- Theatrical release poster
- Directed by: Gil Junger
- Written by: Karen McCullah Lutz; Kirsten Smith;
- Based on: The Taming of the Shrew by William Shakespeare
- Produced by: Andrew Lazar
- Starring: Julia Stiles; Heath Ledger; Joseph Gordon-Levitt; Larisa Oleynik; Larry Miller; Andrew Keegan; David Krumholtz; Susan May Pratt; Gabrielle Union;
- Cinematography: Mark Irwin
- Edited by: O. Nicholas Brown
- Music by: Richard Gibbs
- Production companies: Touchstone Pictures Mad Chance Jaret Entertainment
- Distributed by: Buena Vista Pictures Distribution
- Release date: March 31, 1999;
- Running time: 97 minutes
- Country: United States
- Language: English
- Budget: $13 million
- Box office: $53.5 million

= 10 Things I Hate About You =

1999 film by Gil Junger

10 Things I Hate About You is a 1999 American teen romantic comedy directed by Gil Junger (in his directorial debut) from a screenplay by Karen McCullah Lutz and Kirsten Smith. Loosely inspired by and based on William Shakespeare's comedy The Taming of the Shrew, it stars Julia Stiles, Heath Ledger, Joseph Gordon-Levitt, Larisa Oleynik, Larry Miller, Andrew Keegan, David Krumholtz, Susan May Pratt, and Gabrielle Union.

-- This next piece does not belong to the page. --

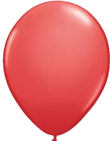
8- ea Q-11-23 11" Red Qualatex®

In the film, high-school student Cameron James (Gordon-Levitt) is unable to date sophomore Bianca Stratford (Oleynik) until her asocial feminist senior sister Kat (Stiles) dates, leading to Cameron recruiting bad boy classmate Patrick Verona (Ledger) to date Kat.

Development on 10 Things I Hate About You began once Lutz and Smith completed the screenplay in November 1997, with Junger attached to direct soon after. He sought to cast lesser profile actors for the film's lead roles; Stiles joined after several actors declined the role, while Ledger was cast three-and-a-half week prior to the start of principal photography, which took place between June and August 1998 in Tacoma and Seattle.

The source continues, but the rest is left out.